NVIDIA-Merlin / core

Core Utilities for NVIDIA Merlin
Apache License 2.0
19 stars 14 forks source link

[BUG] `repartition` on `Dataset` removes tags from schema #179

Open radekosmulski opened 1 year ago

radekosmulski commented 1 year ago

image

Reproducer code:

import numpy as np
import cudf
import nvtabular as nvt
from merlin.schema.tags import Tags

purchases = cudf.DataFrame(
    data={'user_id': [0, 1, 2, 2],
          'price': [125.04, 23.07, 101.2, 2.34],
          'color': ['blue', 'blue', 'red', 'yellow'],
          'model': ['deluxe', 'compact', 'regular', 'regular']
})

out = ['price'] >> nvt.ops.AddMetadata(tags=[Tags.TARGET])

out += ['price'] >> nvt.ops.AddTags(tags=[Tags.CONTINUOUS])
out += ['user_id'] >> nvt.ops.TagAsUserID()
out += ['color', 'model'] >> nvt.ops.TagAsItemFeatures()
out += ['color', 'model'] >> nvt.ops.AddTags(tags=[Tags.CATEGORICAL])

ds = nvt.Dataset(purchases)
wf = nvt.Workflow(out)

ds_out = wf.fit_transform(ds)
ds_out.schema

ds_out = ds_out.repartition(5)

ds_out.schema
karlhigley commented 1 year ago

I think this is because repartition creates a brand new Dataset object which then tries to infer a schema from the raw data all over again, but it shouldn't be too hard to maintain the existing schema in this case.
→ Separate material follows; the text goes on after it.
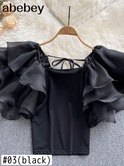 2022年夏のeseスタイルの女性のブラウスレトロな無地のラウンドネックフライングスリーブのシンプルさ サマー 夏物 Oネック ソリッドカラー Abe17908159397

Does it work if you supply schema=self.schema as a Dataset constructor argument in the definition of repartition?

rnyak commented 1 year ago

@radekosmulski any update based on Karl's comment above? thanks.

karlhigley commented 1 year ago

I think @sararb fixed this issue in #192

rnyak commented 1 year ago

@radekosmulski can you pls test this again with the latest branches pulled and see if this issues was fixed or not? Sara made a fix but not sure it solves your issue as well.